• TASK GOAL:
Produce as output only the lines below starting at the line with "Tabletaker advertising Crown" and continuing through the line with "笔者创建自定义的虚拟路径提供", each one exactly as written.

BEGIN RECORDS PROVIDED

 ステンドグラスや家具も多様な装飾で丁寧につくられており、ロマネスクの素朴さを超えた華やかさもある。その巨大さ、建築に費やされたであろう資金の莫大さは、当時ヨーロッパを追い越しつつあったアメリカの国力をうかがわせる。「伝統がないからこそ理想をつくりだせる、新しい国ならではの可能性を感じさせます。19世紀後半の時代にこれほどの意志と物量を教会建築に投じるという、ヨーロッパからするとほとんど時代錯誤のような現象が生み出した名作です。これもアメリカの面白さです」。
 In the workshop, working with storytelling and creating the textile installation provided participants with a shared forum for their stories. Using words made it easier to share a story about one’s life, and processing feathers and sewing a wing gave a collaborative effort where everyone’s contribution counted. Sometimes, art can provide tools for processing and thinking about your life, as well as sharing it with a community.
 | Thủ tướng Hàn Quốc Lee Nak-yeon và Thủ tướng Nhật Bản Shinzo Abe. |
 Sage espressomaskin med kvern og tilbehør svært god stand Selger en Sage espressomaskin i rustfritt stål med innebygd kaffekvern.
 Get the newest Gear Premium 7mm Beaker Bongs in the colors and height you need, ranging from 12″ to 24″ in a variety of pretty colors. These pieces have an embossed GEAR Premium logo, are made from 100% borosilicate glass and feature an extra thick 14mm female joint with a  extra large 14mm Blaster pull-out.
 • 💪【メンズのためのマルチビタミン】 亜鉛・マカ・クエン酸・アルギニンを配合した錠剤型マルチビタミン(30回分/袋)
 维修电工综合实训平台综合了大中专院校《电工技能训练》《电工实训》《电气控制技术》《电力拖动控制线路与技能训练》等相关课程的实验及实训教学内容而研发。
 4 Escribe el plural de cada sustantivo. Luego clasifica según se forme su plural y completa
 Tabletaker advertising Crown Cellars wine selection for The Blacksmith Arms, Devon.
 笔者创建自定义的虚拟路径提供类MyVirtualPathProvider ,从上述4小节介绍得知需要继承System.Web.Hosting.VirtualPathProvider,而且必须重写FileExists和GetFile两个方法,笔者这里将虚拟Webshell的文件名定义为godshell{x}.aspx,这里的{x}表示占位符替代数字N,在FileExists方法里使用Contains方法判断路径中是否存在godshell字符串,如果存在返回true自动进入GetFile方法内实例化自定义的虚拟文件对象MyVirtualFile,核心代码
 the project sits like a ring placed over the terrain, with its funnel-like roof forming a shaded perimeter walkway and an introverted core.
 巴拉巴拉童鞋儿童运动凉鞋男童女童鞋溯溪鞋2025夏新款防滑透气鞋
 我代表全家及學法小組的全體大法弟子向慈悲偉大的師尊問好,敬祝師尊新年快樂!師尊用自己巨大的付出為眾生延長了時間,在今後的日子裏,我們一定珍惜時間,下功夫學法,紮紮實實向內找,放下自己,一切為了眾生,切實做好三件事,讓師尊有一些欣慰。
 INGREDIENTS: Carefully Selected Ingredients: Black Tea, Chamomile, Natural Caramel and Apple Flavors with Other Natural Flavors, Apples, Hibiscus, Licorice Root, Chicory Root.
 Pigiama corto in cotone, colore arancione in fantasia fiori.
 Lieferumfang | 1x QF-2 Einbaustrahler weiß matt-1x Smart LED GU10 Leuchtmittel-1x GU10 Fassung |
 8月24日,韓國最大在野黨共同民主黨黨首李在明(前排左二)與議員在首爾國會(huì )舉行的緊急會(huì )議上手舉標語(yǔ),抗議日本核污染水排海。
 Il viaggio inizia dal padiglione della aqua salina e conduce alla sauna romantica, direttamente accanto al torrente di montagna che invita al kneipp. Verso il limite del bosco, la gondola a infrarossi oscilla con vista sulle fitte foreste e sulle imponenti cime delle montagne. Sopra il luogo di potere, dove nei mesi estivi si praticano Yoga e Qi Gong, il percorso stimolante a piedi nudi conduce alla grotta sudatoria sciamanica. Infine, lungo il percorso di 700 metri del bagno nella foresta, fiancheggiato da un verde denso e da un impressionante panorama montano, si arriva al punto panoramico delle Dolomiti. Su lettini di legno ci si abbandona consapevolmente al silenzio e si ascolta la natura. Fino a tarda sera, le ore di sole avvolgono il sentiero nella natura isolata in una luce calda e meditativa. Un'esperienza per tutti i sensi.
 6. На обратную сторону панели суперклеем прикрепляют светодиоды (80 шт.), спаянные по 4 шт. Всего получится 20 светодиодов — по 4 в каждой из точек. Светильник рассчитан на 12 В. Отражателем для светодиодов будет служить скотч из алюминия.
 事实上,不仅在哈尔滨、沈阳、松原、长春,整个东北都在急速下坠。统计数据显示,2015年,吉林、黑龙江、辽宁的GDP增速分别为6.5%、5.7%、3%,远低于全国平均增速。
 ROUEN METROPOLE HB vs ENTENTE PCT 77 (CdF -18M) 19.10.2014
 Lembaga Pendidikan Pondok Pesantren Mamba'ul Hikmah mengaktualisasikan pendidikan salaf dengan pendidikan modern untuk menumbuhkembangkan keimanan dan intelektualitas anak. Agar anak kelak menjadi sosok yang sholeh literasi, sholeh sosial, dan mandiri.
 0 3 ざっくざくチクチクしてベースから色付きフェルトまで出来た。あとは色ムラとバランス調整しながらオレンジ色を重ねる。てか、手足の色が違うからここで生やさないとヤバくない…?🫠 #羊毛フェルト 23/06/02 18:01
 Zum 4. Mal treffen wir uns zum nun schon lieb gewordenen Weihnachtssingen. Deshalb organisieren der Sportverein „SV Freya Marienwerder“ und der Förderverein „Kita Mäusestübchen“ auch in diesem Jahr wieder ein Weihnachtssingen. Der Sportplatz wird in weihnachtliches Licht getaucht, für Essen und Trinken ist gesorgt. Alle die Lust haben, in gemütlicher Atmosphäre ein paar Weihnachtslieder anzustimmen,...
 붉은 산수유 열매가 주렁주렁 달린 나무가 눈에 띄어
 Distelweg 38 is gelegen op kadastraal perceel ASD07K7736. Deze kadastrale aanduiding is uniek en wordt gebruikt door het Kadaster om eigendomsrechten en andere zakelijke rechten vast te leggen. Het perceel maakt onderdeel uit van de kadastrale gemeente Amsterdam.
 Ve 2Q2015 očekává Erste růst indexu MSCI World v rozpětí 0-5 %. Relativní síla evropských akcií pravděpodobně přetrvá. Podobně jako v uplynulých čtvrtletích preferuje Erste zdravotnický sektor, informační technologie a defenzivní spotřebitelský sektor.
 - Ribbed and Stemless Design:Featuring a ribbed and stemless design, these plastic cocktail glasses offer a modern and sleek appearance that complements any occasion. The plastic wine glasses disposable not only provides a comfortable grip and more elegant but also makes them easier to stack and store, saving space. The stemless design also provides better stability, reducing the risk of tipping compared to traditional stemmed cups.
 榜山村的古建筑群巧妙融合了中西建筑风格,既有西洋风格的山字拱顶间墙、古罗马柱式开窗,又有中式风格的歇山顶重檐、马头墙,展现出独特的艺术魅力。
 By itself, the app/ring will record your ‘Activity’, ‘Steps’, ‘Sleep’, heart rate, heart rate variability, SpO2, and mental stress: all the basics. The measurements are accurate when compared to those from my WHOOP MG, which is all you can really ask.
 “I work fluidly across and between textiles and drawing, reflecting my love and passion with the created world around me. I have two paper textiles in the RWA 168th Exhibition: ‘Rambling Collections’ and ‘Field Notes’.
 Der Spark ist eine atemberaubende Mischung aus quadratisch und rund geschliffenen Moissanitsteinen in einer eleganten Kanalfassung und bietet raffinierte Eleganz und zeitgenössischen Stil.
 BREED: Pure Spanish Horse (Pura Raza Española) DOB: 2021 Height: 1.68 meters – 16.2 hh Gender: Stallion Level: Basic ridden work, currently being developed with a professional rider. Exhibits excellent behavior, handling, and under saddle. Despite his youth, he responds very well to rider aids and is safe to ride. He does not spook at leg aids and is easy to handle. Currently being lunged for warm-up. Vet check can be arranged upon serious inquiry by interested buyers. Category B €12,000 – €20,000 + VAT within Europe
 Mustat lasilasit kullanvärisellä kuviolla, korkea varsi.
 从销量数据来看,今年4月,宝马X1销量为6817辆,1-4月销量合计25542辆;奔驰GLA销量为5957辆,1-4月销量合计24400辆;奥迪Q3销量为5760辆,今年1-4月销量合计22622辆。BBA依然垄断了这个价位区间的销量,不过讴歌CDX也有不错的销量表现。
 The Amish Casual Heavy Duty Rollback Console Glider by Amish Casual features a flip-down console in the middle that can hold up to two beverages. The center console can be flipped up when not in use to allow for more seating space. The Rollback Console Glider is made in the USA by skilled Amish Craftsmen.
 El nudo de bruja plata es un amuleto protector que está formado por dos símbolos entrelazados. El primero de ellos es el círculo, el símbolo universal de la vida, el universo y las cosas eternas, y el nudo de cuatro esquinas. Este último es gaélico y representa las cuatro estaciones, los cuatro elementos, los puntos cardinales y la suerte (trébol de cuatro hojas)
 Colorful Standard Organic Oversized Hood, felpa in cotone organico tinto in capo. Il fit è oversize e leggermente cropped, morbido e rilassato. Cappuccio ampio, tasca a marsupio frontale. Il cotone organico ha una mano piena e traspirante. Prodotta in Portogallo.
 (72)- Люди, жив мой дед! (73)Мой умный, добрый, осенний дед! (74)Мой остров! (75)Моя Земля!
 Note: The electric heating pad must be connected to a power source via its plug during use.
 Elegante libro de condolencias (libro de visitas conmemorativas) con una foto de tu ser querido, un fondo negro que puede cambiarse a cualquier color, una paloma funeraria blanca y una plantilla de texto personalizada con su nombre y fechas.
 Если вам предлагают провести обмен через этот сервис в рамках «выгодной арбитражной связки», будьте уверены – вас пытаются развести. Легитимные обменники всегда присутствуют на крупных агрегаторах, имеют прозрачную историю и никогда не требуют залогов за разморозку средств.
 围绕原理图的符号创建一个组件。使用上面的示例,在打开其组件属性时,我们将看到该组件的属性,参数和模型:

END RECORDS PROVIDED

• ANSWER TO THIS TASK:
 Tabletaker advertising Crown Cellars wine selection for The Blacksmith Arms, Devon.
 笔者创建自定义的虚拟路径提供类MyVirtualPathProvider ,从上述4小节介绍得知需要继承System.Web.Hosting.VirtualPathProvider,而且必须重写FileExists和GetFile两个方法,笔者这里将虚拟Webshell的文件名定义为godshell{x}.aspx,这里的{x}表示占位符替代数字N,在FileExists方法里使用Contains方法判断路径中是否存在godshell字符串,如果存在返回true自动进入GetFile方法内实例化自定义的虚拟文件对象MyVirtualFile,核心代码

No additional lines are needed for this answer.